One argument against “peaceful Minoans” that I find more convincing is the Greek mythology of many centuries later, e.g. the legend of Minotaur and Theseus, reflecting the terror that early Mycenaeans felt before the Minoans dominating the Aegean world, and the Plato description of the “Atlantis” with its struggle between the “Athenians” (i.e. Mycenaeans) and “Atlanteans” (i.e. Minoans) and the total destruction of the latter by a natural cataclysm, likely mixing together the eruption of Thera around 1600 BC and Mycenaean “barbarian” invasion and destruction of the Minoan world around 1450 BC.

Mike Newsham

I think the traditional answer to that was that the Minoans were like the 19th Century British; their command of the sea let them have a relatively small army and peaceful home island. I believe this was undermined by new ideas that Crete was actually divided into valley-based plities that warred on each other. Though, just vague memories from popular articles.

Kirill Pankratov

I think it is unlikely that Minoans were a unified “empire” – the Crete topography, presence of many neighboring islands suggests against that. Yet inter-polity conflicts were likely not very intense. It could be similar to Classical Greece polities before the Peloponnese War – most of their conflicts were relatively short hoplite battles. And it doesn’t have to contradict the first point you’ve mentioned, that they collectively felt secure against external invasions, being the dominant sea power in the eastern Mediterranean until mid-15 century BC.

steven johnson

There seem to be a few quantitative issue for the Minoan War hypothesis.

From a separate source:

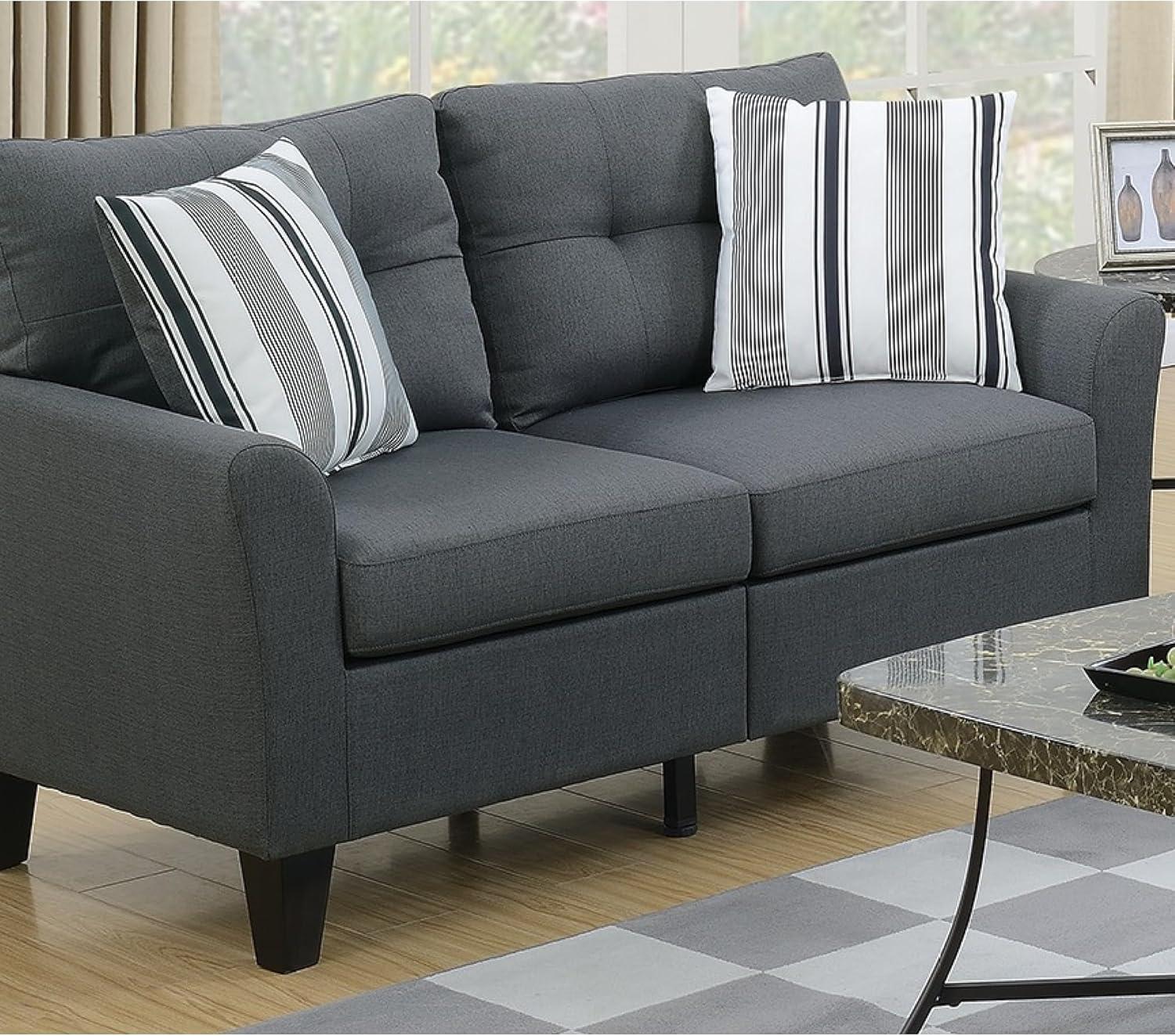 we found this 2-piece set to be an excellent balance between style and durability. Crafted with a solid pine frame and a sturdy plywood base, both the sofa and loveseat feel incredibly robust while maintaining a sleek profile. The charcoal glossy polyfiber fabric adds a modern touch without sacrificing comfort, complemented perfectly by the contrasting accent pillows that bring just the right amount of visual interest. With dimensions perfectly suited for most living spaces, this duo offers cozy seating without overwhelming your room.

If warfare between Minoan polities was the rule, why are burnt palaces concentrated in c. 1700 and 1450 BCE, as seems to be the case? It really seems more likely that individual fortresses would have fallen to other rivals. The victors wouldn’t be burnt, but with the passing of time they might weaken and fall in their turn to another foe. Foreign conquest or a vast social rebellion seem at first glance better candidates for such a distribution of sacks over time.

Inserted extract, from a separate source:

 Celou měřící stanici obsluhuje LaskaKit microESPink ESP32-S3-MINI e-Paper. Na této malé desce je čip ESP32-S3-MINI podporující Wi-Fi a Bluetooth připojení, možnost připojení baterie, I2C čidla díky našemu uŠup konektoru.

If the island of Crete was divided into independent statelets, would the hilltop fortress-palaces take up a significant portion of crop-bearing (and revenue bearing) land? The proportion of crops and revenue lost in larger polities seem likely to be relatively insignificant. but is it equally insignificant in a divided island?

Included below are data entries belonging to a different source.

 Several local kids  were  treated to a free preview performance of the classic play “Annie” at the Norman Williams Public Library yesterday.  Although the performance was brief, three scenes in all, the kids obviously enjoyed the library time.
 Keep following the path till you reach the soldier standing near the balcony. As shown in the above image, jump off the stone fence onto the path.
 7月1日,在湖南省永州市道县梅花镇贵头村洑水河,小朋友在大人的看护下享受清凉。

But this might be a misunderstanding of the archaeological evidence. Were these hilltop fortress-palaces or were they whole villages, even towns? It is hard to imagine any reason why farmers would trudge up hill to home after a hard day other than protection. But if the farmers were going to their homes elsewhere, that wouldn’t matter. Is it possible the primary enemies of the lords on the hill tops were the peasants in the valley, with other lords standing as mere rivals, instead of enemies. Or even possible allies against the peasants?

And that asks questions about the rapiers. Where are the remains of armor, shields, spears and arrows, which would seem equally necessary for warfare? Rapiers suggest large bodies of armed men, but could those be armed tax collectors, more police than soldiers?